Roripaugh is the first poet whose work I ever loved, but Tsunami vs. the Fukushima 50 does not match her earlier collections’ quality. A few poems stand up, particularly the narrative ones like “hulk smash” (wonderful!)—and as always, Roripaugh’s sense of musicality is top-notch. The collection is much more energetic and experimental than Roripaugh’s previous work. Overall, though, Tsunami reads a lot like Patricia Smith’s Blood Dazzler with some pop-references thrown in, à la Ashbery. A bit unsurprising, but I’m curious about what Roripaugh will write next.
From the deceptively prosaic-yet-emotive dialogue of Fukushima survivors, to the utterly sublime, irreverent, often anthropomorphised tsunami flooding the pages of this bittersweet (and occasionally sharply hilarious) collection, the reader’s journey tumbles through language in awe at nature’s devastatingly wild and untameable expression, into the very human fragilities of hubris, stoicism and grief.
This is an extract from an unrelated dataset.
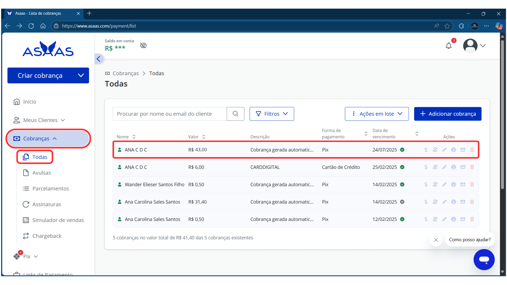 No Menu lateral, clique em Cobranças > Todas. Em seguida, clique no registro encontrado.

Read Harder 2019: A collection of poetry published since 2014
I didn't intend to read this directly on the heels of Rebecca Solnit's A Paradise Built in Hell, but that's how it worked out. It was a timely reminder that "nonfiction" is not the only narrative for teaching history. I loved these poems and will be haunted by many of them.
Last night I had the opportunity to listed to Dr. Roripaugh read some poems from this collection, and they were remarkable. Now, after finishing the collection in its entirety, I can assure you that it is stunning. Roripaugh's ability to manipulate language to create haunting, beautiful images feels completely new and unlike anything I've read so far. I highly recommend this collection.
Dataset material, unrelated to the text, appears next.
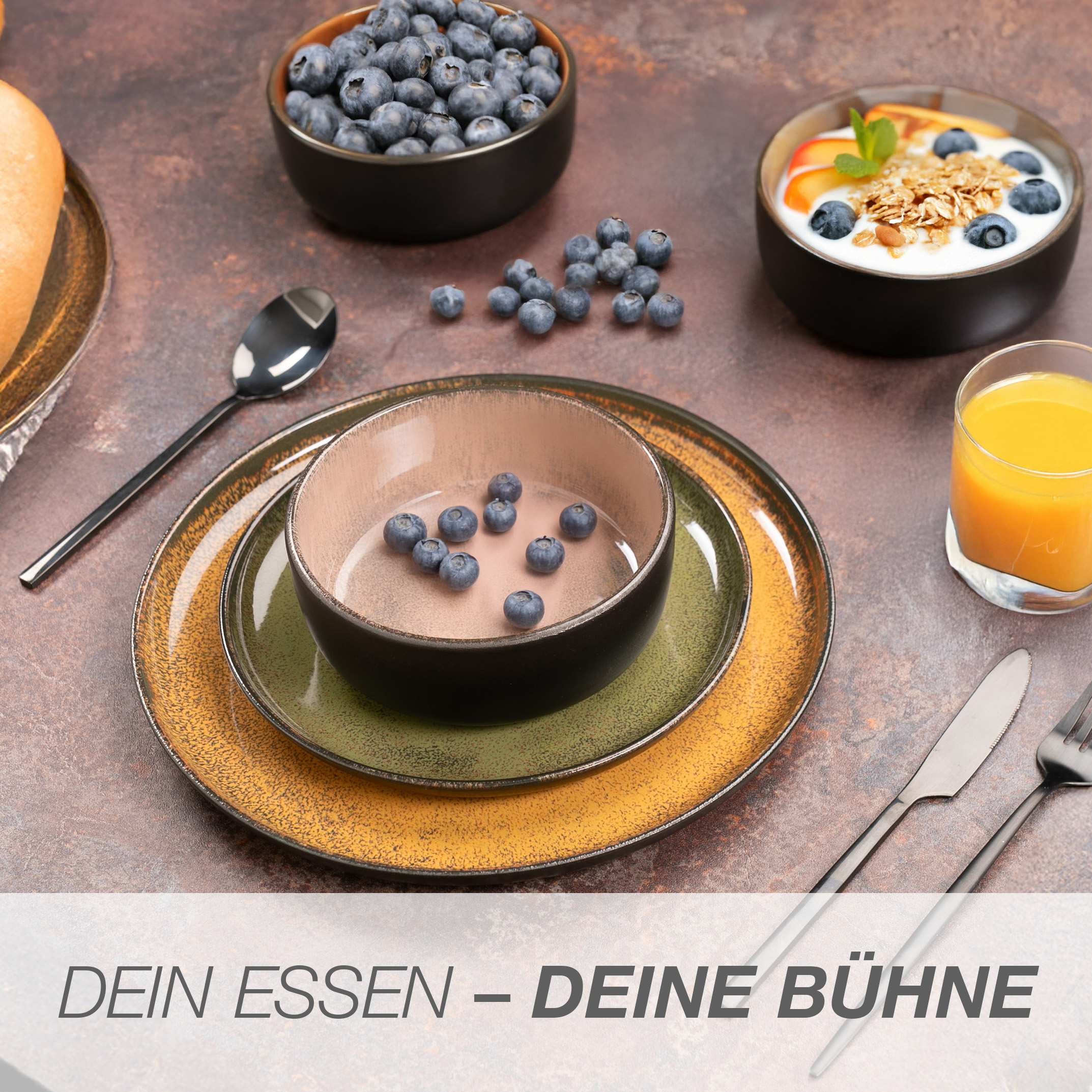 Warme Farbtöne, sanfte Glasurverläufe und eine moderne Vintage-Optik machen dieses Geschirrset zu einem stilvollen Blickfang auf jedem Tisch. Die dezente Struktur sorgt für eine natürliche, wohnliche Atmosphäre, bei der jedes Teil individuell wirkt und sich dennoch harmonisch in das Gesamtbild einfügt. Das Set eignet sich ideal für den täglichen Gebrauch ebenso wie für besondere Anlässe.

There are so many delightful surprises in the images and language of these poems. Beautiful and slippery, but also with the immense gravity of the two disasters. The results are powerful and complex, thrilling all the way through.
Imaginative poetry with incredible language/style. I'm always a fan of using a sci-fi premise (in this case, superheroes and kaiju) to explore real systems or traumas.
Tsunami vs Fukushima 50 is not a poetry collection about tragedy, it is a collection about the people this tragedy happened to. It opens with the act of waking up in the first line “awoken venom // cobra come uncharmed” and concludes with a hermit crab poem redefining the vocabulary of a tsunami. This book takes the reader on a journey through Japan, interspacing journalistic poetry recounting real people's experiences with the 2011 earthquake, tsunami, and nuclear disaster told in first person, with third person personification poems depicting a tsunami as a woman. This is a poetry collection about sleep, marine life, snakes, radiation, pop culture, robots, superheroes, moles, and the destruction of families.